Екатерина Семенова
Рассматривая проблему жанра в творчестве Иосифа Бродского, Валентина Полухина особо отмечала обилие экспериментов в этой области: поэт «то возрождает омертвевшие жанры оды, идиллии, эклоги, то создает свои собственные жанры, для которых пока не найдено названия кроме как их определения по величине»1, то создает жанровые гибриды2... Новаторский подход к жанру отличает и поэмы Бродского. Предметом настоящего исследования, однако, станет произведение, в название которого слово поэма не входит: цикл «Часть речи» (1975—1976)3.
В статье К.Г.Исупова «О жанровой природе стихотворного цикла» говорится: «...не замещая устойчивые жанровые образования и не претендуя на их место, цикл всегда стремится стать чем-то большим, чем он есть на самом деле... происходит порождение образов жанров (образа венка сонетов, образа поэмы, образа баллады)»4. Когда читаешь «Часть речи», «порождение» «образа поэмы» происходит сразу.

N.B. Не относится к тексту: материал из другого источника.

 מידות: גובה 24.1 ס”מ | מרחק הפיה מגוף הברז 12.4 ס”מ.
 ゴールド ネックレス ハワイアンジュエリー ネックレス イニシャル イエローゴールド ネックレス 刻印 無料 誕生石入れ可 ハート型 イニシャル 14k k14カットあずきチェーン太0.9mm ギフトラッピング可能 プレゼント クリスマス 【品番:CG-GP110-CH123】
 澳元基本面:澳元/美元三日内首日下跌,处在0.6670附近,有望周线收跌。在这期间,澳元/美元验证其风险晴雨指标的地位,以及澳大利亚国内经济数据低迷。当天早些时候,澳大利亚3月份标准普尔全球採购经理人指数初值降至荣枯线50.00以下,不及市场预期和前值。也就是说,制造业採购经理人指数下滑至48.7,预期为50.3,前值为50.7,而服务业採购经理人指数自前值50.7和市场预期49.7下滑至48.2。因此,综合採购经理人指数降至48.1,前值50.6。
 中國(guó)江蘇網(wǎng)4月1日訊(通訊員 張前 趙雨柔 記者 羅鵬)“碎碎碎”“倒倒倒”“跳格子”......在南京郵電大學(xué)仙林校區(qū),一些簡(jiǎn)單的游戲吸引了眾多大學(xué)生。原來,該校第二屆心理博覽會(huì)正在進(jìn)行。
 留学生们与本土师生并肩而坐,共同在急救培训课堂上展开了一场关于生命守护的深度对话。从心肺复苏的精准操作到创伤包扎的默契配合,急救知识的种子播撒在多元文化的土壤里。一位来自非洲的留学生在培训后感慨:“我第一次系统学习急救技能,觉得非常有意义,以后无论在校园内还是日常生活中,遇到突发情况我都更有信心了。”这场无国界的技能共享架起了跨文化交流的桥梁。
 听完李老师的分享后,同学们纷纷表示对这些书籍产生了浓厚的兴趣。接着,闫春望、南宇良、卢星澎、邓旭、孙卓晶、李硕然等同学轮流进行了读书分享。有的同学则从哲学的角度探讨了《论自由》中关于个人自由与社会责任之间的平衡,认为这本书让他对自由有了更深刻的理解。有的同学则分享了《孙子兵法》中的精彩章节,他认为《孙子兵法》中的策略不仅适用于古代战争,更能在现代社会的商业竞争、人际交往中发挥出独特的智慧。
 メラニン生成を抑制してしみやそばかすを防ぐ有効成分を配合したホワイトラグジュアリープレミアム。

Во всех стихотворениях — одинаковое число строк (12, кроме первого); написаны они одним и тем же размером (5-6-иктный дольник). По сути, перед нами строфы (или, как пишет М.Ю.Лотман, «гиперстрофы»5). Есть и посвящение, и вступление, и эпилог, хотя они не обозначены формально. Первое — это «Ниоткуда с любовью...»: речь в нем идет о возлюбленной героя. Второе — «Север крошит металл...», где задан центральный мотив цикла: персонаж добровольно принимает свою судьбу. Последнее — «Я не то что схожу с ума...» — содержит абрис жизнь героя в грядущем. Но «Часть речи» обладает не только формальными «поэмными» признаками: перед нами поэма и «по сути», где стихи связаны в единое целое глубокими внутренними связями, смысловыми и образными. На протяжении всего цикла решается, говоря словами Пушкина, вопрос «самостоянья» героя. При этом отношение к нему не остается неизменным, и можно четко проследить его эволюцию.

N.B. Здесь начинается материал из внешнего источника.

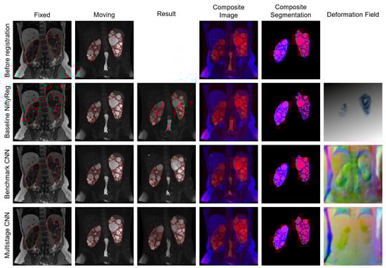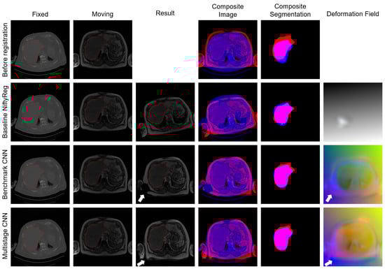 Example registration results are presented in Figure 7. A large rigid part of the deformation is visible in the images before registration, as the fixed image is shifted downwards compared to the moving image. Registration with the baseline improved the overlap of the liver segmentations; however, the moved image is rotated incorrectly. Here, the rigid or affine algorithm of the baseline computed an incorrect transformation. Registration with the benchmark improved the spatial alignment and overlap of the liver segmentations. However, in the moved image, the torso on the right side and parts of the right arm were deformed in a medically implausible way. This area is marked by a white arrow. The registration with the proposed multistage network also produced a medically implausible deformation on the right side of the torso (white arrow in result image in the fourth row). Apart from this area, the overlap of the corresponding structures improved following the registration. The area of the medical implausible deformation is also visible in the deformation field (white arrow in column six in Figure 7).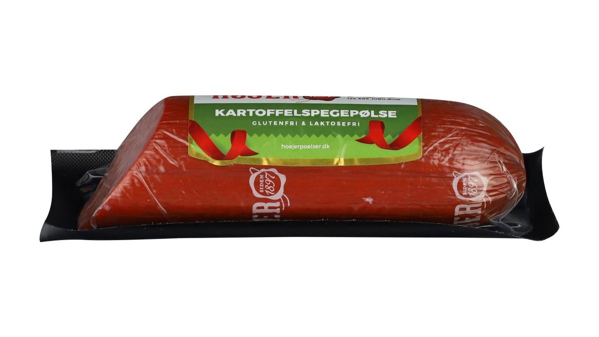 Svinekød 105 g., kartofler 13 g., oksekød 8 g., salt, krydderier (SENNEP), gørekstrakt, dextrose, rom, starterkultur. Konserveringmiddel: E250, antioxidant: E300, E301, GdL: E575.
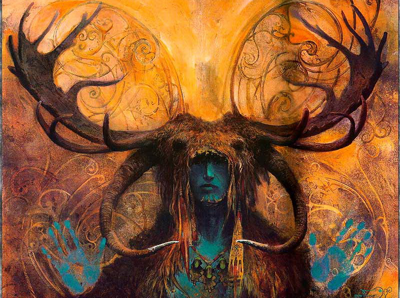 Шаман задумался. Сидит, закрыл глаза, и погрузился в мир опять какой-то.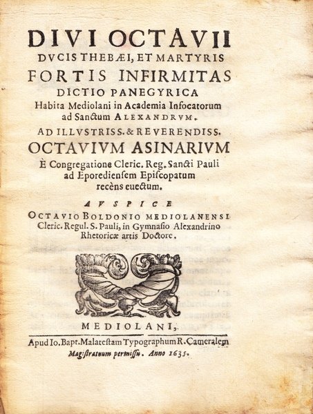 Divi octavii ducis thebaei, et martyris fortis infirmitas dictio panegyrica Habita Mediolani in Academia Infocatrum ad Sanctum Alexandrum. Ad illutris. & Reverendiss. Octavium Asinarium e Congregatione Cleric. Reg. Sancti Pauli ad Eporediensem Episcopatum recens euectum auspice Octavio Boldonio mediolanense Cleric. Regul. S. Pauli, in Gymnasio Alexandrino Rhetoricae artis Doctore. Ottavio Boldoni, Ottavio Asinari.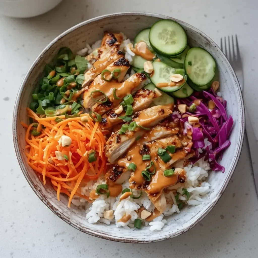 A vibrant bowl of cooked quinoa, tender seasoned chicken, fresh vegetables, and a creamy peanut sauce, perfect for a nutritious meal.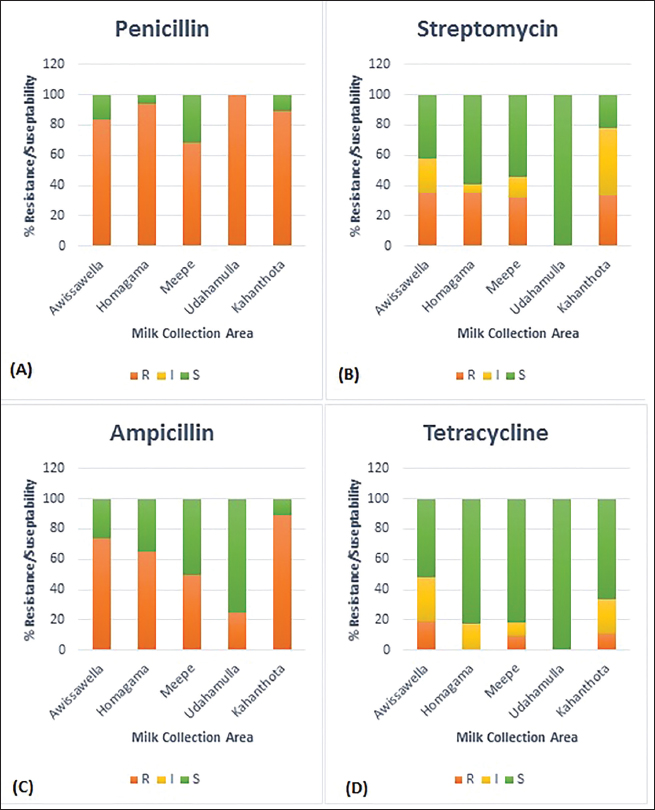 Fig. 3. The percentage of antibacterial susceptibility of positive isolates from different areas to four different antibiotics; (A) Penicillin—G, (B) Streptomycin, (C) Ampicillin, (D) Tetracycline. Our study revealed diverse and notable patterns of antibiotic susceptibility profiles of L. monocytogenes isolates in raw milk of Colombo District. High resistance rates were observed against penicillin (83.13%) followed by ampicillin (65.06%), streptomycin (32.53%), and tetracycline (10.84%). These results resonate with previous studies, underlining the challenge posed by elevated resistance to specific antibiotics. The identification of intermediate resistance for streptomycin (18.07%) and tetracycline (19.28%) suggests a potential towards the gradual development of resistance against these antibiotics in L. monocytogenes. Previous studies have shown that L. monocytogenes derived from both food and animals can be resistant to a variety of medicines including, streptomycin, chloramphenicol, gentamicin, erythromycin, rifampin, and kanamycin (Charpentier et al., 1995; Walsh et al., 2001). Research conducted in the Pollonaruwa District revealed higher resistance levels for ampicillin (60%) with lower resistance for tetracycline (8%), with 40% of isolates exhibiting phenotypic multiple antibiotic resistance (Harshani et al., 2022). Based on the disk diffusion assay, our own research findings revealed higher resistance to penicillin and the lowest resistance to tetracycline. Table 3. Summary of factors leading to milk contamination in cattle farms.
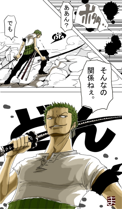 悪ノリゾロ?!悪ノリゾロ様だっ!! ぷって血糊吐く背中がものっそ男前です! あああ、好き〜〜〜〜〜っ(うるさい) 広い胸板尊大な態度 どこまで俺様〜〜〜〜〜!! 「でも」とか言わないなんて言わない(笑) 「でも」もアリだ、このゾロ様ならvv そんなの関係ねえんだ、ねえねえっ そんなのカンケーねーは 普通に聞いてるとムカつくんですけど(笑) ゾロが言うと意味が違う!! 関係ねえよ、全然問題ナッスング!! 新境地、悪ノリゾロ様、ありがとうございますvv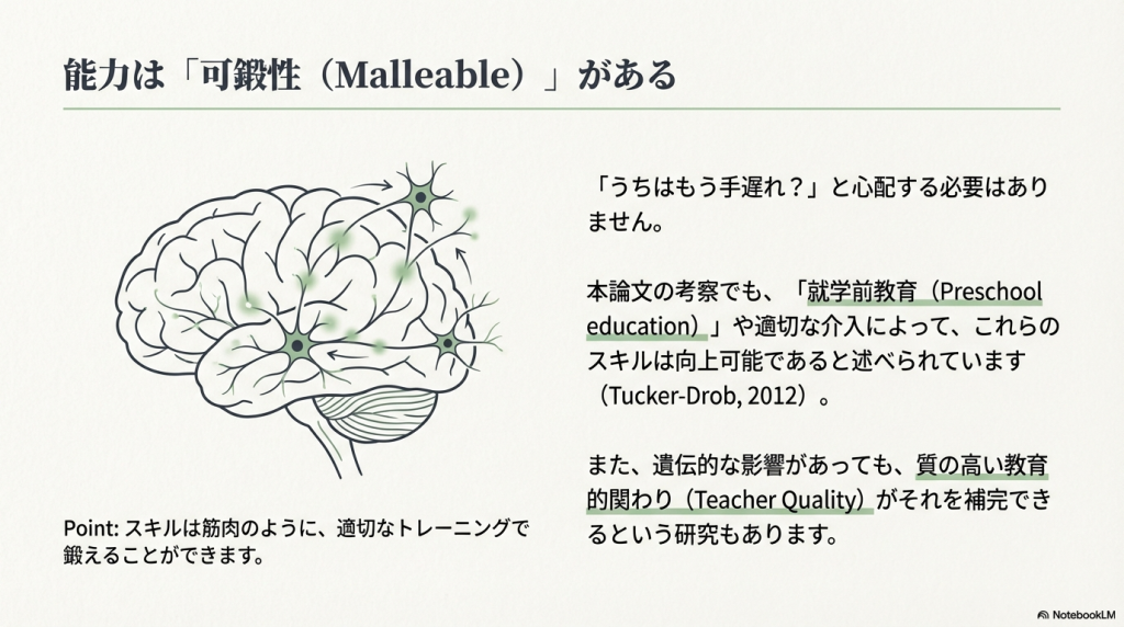 - 「幼少期の学力は、テストの点数のためだけではない」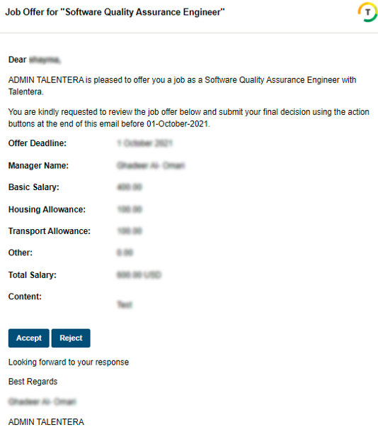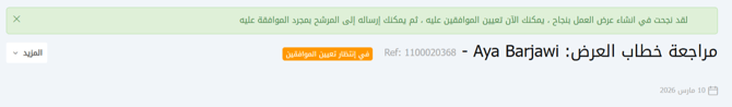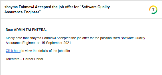 للمضي قدمًا في العرض، تحتاج إلى اختيار هذا الخيار. سيتم إرسال بريد إلكتروني إلى المرشح يتضمن تفاصيل قبول أو رفض العرض.

В «Ниоткуда с любовью...» герой «потерян», и даже не «в мирозданьи», как сказано в «Я был только тем, чего...» (1981), а «в нигде». Место, момент действия («надцатого мартобря») — все это неопределенно, не существует, и единственное реальное понятие здесь — любовь. Именно она помогает герою «сориентироваться», обрести себя. Первая его мысль по пробуждении — собственно, она заставляет его проснуться — о любви. Образ говорящего проявляется, опять-таки, в связи с любовью: «не ваш, но / и ничей верный друг». Идея любви как творящего начала доводится до абсолюта. Если тот, кого поэт называет «сам» («я любил тебя больше, чем ангелов и самого») — своевольный и деспотичный Бог Ветхого Завета, то любовь можно уподобить Богу Нового Завета (к нему и относятся слова «Бог есть Любовь» (1 Ин. 4, 8)). Она воскрешает из небытия и восстанавливает погибшее мироздание. Напротив, конец любви — это смерть для героя: он «замерзает», земля отталкивает его:
То ли по льду каблук скользит, то ли сама земля
закругляется под каблуком —
(«Север крошит металл...»)
— и ему предстоит путь «за моря», туда, где садится солнце (странствие на Запад — традиционный символ ухода в потусторонний мир).

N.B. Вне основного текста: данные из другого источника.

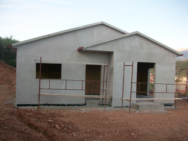 The "bricks" are assembled by following a steel beam railing on the floor and the entire wall is constructed without needing columns of reinforced concrete or steel beams (for low buildings), while the roof of synthetic material is pressed and fastened on the wall.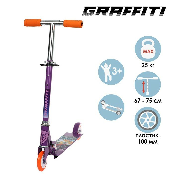 Самокат GRAFFITI "Лисичка", складной, колеса, PVC, диаметр колес 100 мм, цвет фиолетовый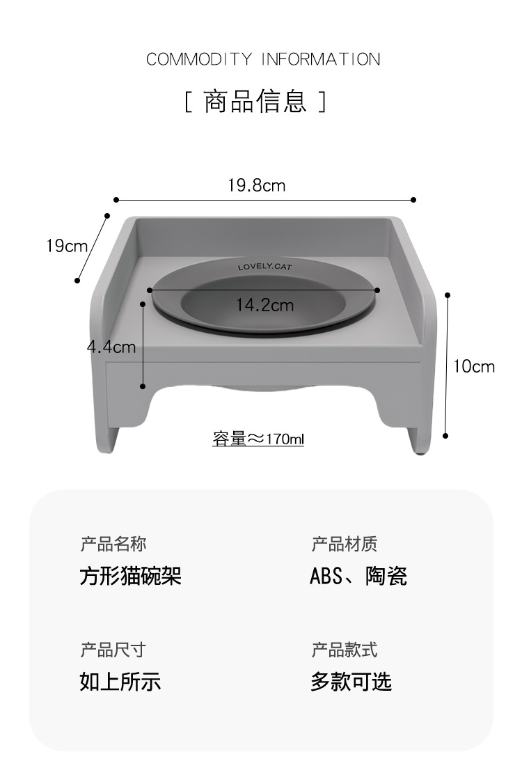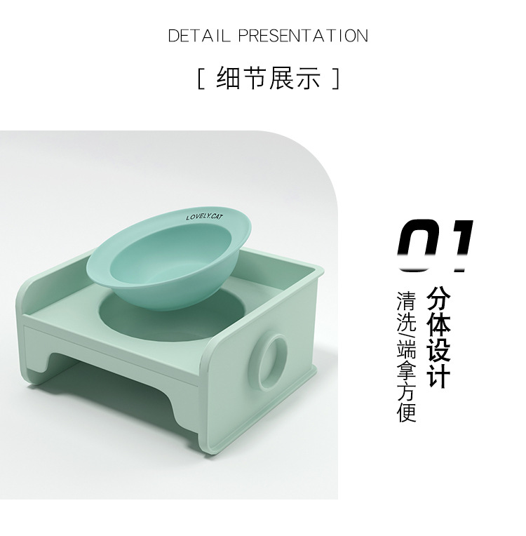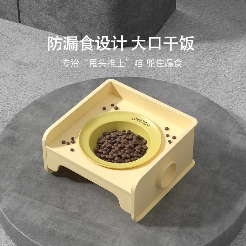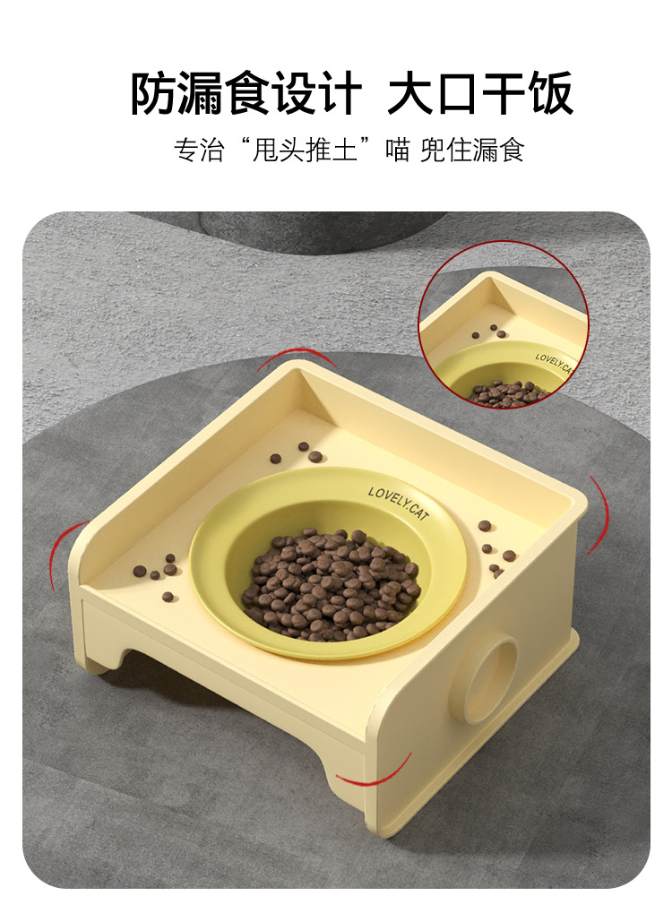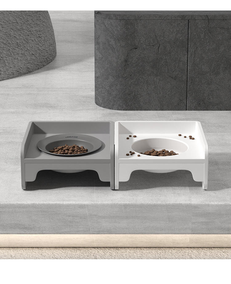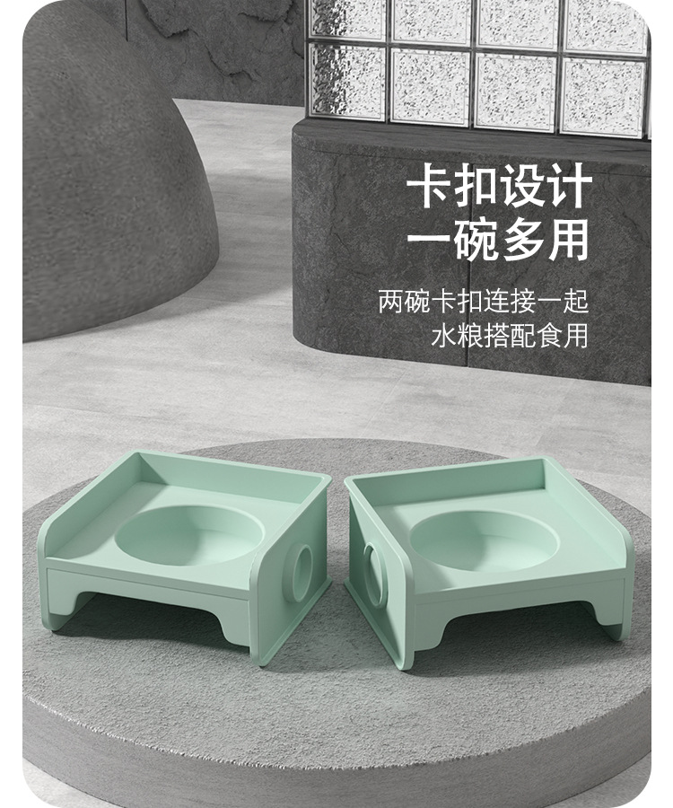 方块猫碗陶瓷护颈碗架宠物猫咪双碗猫粮水碗饭碗猫食盆防打翻狗碗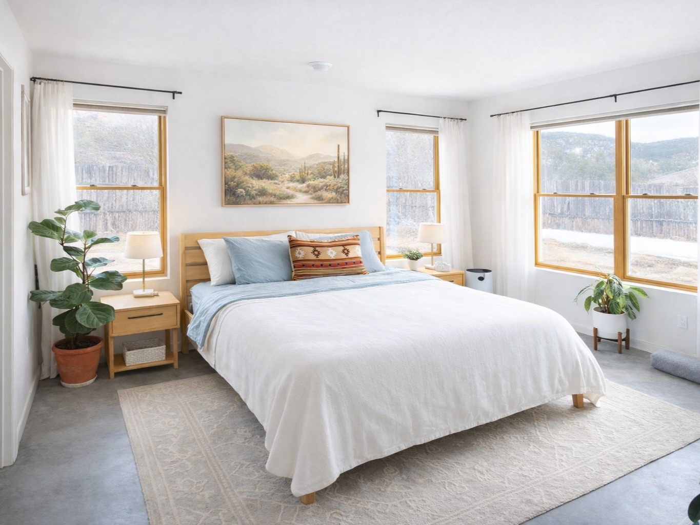 Escape to this enchanting 3-bedroom, 2-bathroom country retreat on 2.6 private acres in Lower Canoncito, just 20 minutes from the Historic Santa Fe Plaza. This sanctuary is defined by its dramatic rock formations and sweeping 360-degree views, offering a rare combination of absolute privacy and immediate access to the 4,100-acre Eldorado Preserve and the Galisteo Basin.The home's interior features an open-concept living area under soaring cathedral ceilings, leading to a large, fully fenced front perennial garden and a back portal with unobstructed "forever views" and no other properties in sight. The layout emphasizes privacy and functionality; the Owner's Suite, complete with an ensuite bathroom and walk-in closet, is situated away from the guest wing. A refreshed gallery kitchen offers ample counter space and a spacious walk-in pantry, complemented by new paint and a brand-new dish washing machine.Infrastructure and lifestyle upgrades are at the forefront of this property. A state-of-the-art NAVIEN system provides both instant hot water and efficient radiant heat, while Starlink is already installed for high-speed connectivity. The land is perfectly equipped for a homestead lifestyle, featuring a massive new livestock corral with a 10x12 barn shed and attached chicken coop. The property is fully fenced with strategic entry gates at the far end for easy access. To support the lush surroundings and water conservancy, the home utilizes a shared 12,000 gallon well with a brand new well pump and 2,000-gallon cistern/grey water systems connected to the roof of the home for rainwater catchment. This is the ultimate refuge for an artist, writer, or family to enjoy the enchanting open skies and inspiration of Northern New Mexico.

Стихи «Части речи» — «моментальные срезы сознания»6 и душевного состояния персонажа7. Раз за разом его посещают воспоминания о возлюбленной. В «Узнаю этот ветер...» они вызывают у героя слезы; в «Потому что каблук оставляет следы...» — убивают его, отбрасывая «тело<...> от души». Эти мысли ярки и подчас столь мучительны, что сменяются периодами почти бесчувствия, «замерзания» и «окаменения». Так, «тело», которое «покоится на локте, / как морена вне ледника», напоминает умершего: остаток «Великого оледенения» сходен с останками человека («Это — ряд наблюдений...»). Воспоминания преследуют героя: в «Узнаю этот ветер...» природа, похожая на родную, мгновенно вызывает в памяти ЕЁ, чье «кайсацкое имя»8 шевелит во рту его язык. Стихия осени напрямую отождествляется с НЕЙ; она становится «духом» прошлого и всего того, что было оставлено на родине: ее образ неразрывен с каждым воспоминанием, напоминая о себе то прямо, то косвенно.
Однако уже с начала цикла явственно стремление героя обуздать переживания, отстраниться от них. В первом, накаленном до предела, тексте, где персонаж «извивается ночью на простыне», вслед за этой самой строкой следует ироническое: «как не сказано ниже по крайней мере». Похоже, именно об этом расколе «на страдающего и на пишущего» Бродский сказал в связи с «Реквиемом» Ахматовой9. Ипостаси героя («поэт» и «влюбленный») расходятся10: один переживает, другой в тот же самый момент контролирует стиль («обнажение поэтической кухни» — так характеризует эти слова В.А.Куллэ11). И для поэта такое состояние естественно: в голосе героя звучит страсть, но одновременно автор оценивает ее, учитывает «реакцию публики». «Когда вы пишете стихи, то всегда предчувствуете, что существует некое сардоническое сознание, которое посмеется над вашими восторгами и сожалениями. Отсюда идея — «побить» это сардоническое сознание. Украсть шанс у него. А единственная возможность украсть — это посмеяться над собой», — сказал Бродский в одном из интервью12.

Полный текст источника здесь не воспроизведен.